On Dec 13, 2013, at 3:11 PM, Radim Vansa <rvansa(a)redhat.com> wrote:
On 12/13/2013 02:44 PM, Galder Zamarreño wrote:
> On Dec 6, 2013, at 10:45 AM, Radim Vansa <rvansa(a)redhat.com> wrote:
>
>> Hi,
>>
>> 1) IMO, filtering for specific key is a very important use case. Registering a
filterId is a very powerful feature, but as long as you don't provide runtime
parameter for this filter, you cannot implement one-key filtering.
> What do you mean by runtime parameter exactly? Can you give a concrete example of
what you want to achieve that is not possible with what I've written up?
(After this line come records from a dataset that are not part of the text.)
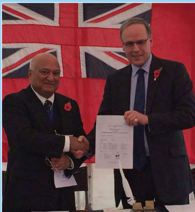
Signing the agreement
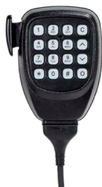
Keypad Speaker Microphone MM300DK
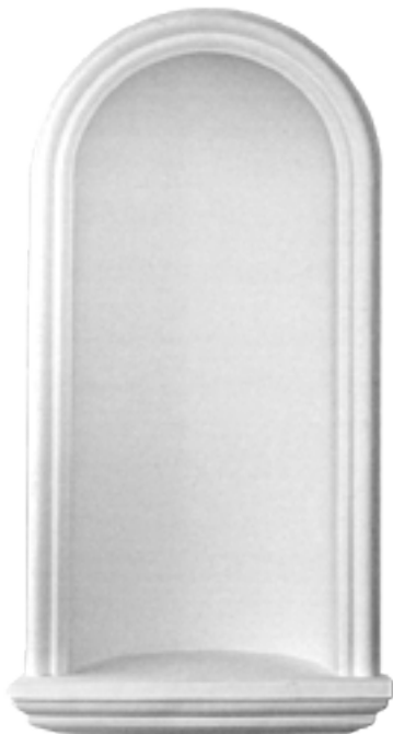
N-9 a=50" b=25" c=9"

As I stressed, if the client wants to listen for events on key_123456, then you can
deploy a filter matching key_{number} (and additional constraints) but the 123456 is not
known at deployment time.
True, that's a limitation of the current approach, but I don't see it crucial as
long as we have some static filtering in place. The feature itself is already pretty
large, so I'd consider this (dynamic filtering) at a later point.
>
>> 2) setting ack/no ack in listener, and then configuring server-wise whether you
should ack each / only last event sounds weird. I'd replace the boolean with enum {
NO_ACK, ACK_EACH, ACK_LAST }.
> Makes a lot of sense, +1.
>
>> 3) should the client provide source id when registering listener or when starting
RemoteCacheManager? No API for that.
> Every operation will require a source ID from now on, so clients must provide it from
first operation sent to the server. From a Java client perspective, you'd have this
from the start via the configuration.
>
>> 4) clustered events design does not specify any means to replicating the
clustered event listener - all it does is that you register the listener on one node and
the other nodes then route events to this node, until the node dies/deregisters the
listener. No replication. Please specify, how should it piggyback on clustered events, and
how should the listener list be replicated.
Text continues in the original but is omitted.